Govts are people too.


----------



## mreynolds (Jan 1, 2015)

Bearfootfarm said:


> Govts are people too.


Can we tax them too then?


----------



## Bearfootfarm (Jul 13, 2006)

mreynolds said:


> Can we tax them too then?


Good luck with that.


----------



## robin416 (Dec 29, 2019)

Someone mentioned the failure of the ship quarantine somewhere on here but I can't find. So, I'll post this thought on this one.

One person got on the ship with the virus. That one person was wandering the ship, eating with others, spending time on the deck with other people. He infected what they are assuming is 3 people. None of them were staying in the same spaces for long periods of time. Does this mean that the virus probably lives longer on surfaces than they have established at this point?
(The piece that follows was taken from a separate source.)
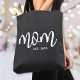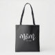 Simple Script Maman Sac fourre-tout personnalisé. Célébrez la maternité avec ce design minimaliste qui met en vedette le mot "maman" dans une police manuscrite fluide sur les deux côtés en blanc sur un sac fourre-tout noir. En bas à droite, un serif classique "est. year" ajoute une touche personnelle—parfaite pour une maman à être, une nouvelle maman, ou pour célébrer maman à tout moment. La couleur fourre-tout peut être changée. Idéal pour la Fête des Mères ou pour un usage quotidien, ce design moderne et épuré offre une façon intemporelle d’honorer la maman dans son style.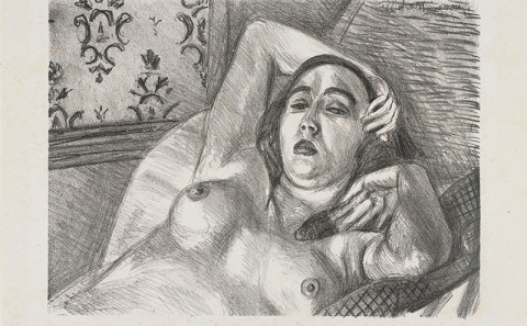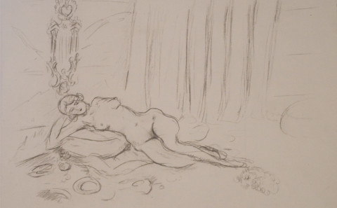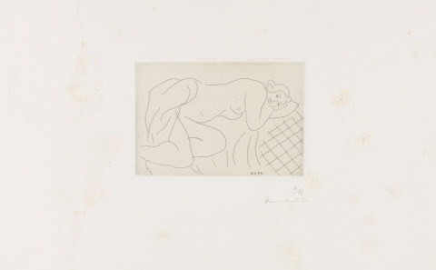 ORIGINAL WORK OF ART by Henri Matisse (French, 1869-1954), Nude Lying on Her Side, Arms Under Head (Nu couché sur le côté, les bras sous la tête), 1929, Etching, plate: 4 x 5 ¾” (10.1 x 14.6 cm); sheet: 11 x 14 15/16 (28 x 37.9 cm), Publisher: unknown, Printer: Vernant or Lacourière, Paris, Edition: 25, The Museum of Modern of Art, New York. Stephen C. Clark Fund, 1951. ©2013 Succession H. Matisse, Paris / Artist Rights Society (ARS), New York.

Essentially, did he really infect those people or did those people pick the virus up from a surface he touched?


----------



## Bearfootfarm (Jul 13, 2006)

Danaus29 said:


> For *nearly* every disease you can find *approximate* recovery times somewhere.


For this one it seems to be several weeks from the onset of symptoms, but there are as many variables as there are patients.

You have to keep in mind they didn't know this disease even existed a couple of months ago, so there isn't a huge database of information to work with.

Total Confirmed
75,282
Total Deaths
2,012
Total Recovered
15,084


----------



## Bearfootfarm (Jul 13, 2006)

robin416 said:


> One person got on the ship with the virus.


They don't know how many boarded carrying the virus.


----------



## robin416 (Dec 29, 2019)

Bearfootfarm said:


> They don't know how many boarded carrying the virus.


The assumption is that the single passenger from China was the beginning.


----------



## Bearfootfarm (Jul 13, 2006)

robin416 said:


> The *assumption* is that the single passenger from China was the beginning.


They don't know.
That's why they are 'assuming".


----------



## Lisa in WA (Oct 11, 2004)

Sweet.
This is within two miles of my house.

*Five patients who have tested positive for COVID-19, more commonly known as coronavirus, are being transferred to Spokane's Providence Sacred Heart Medical Center.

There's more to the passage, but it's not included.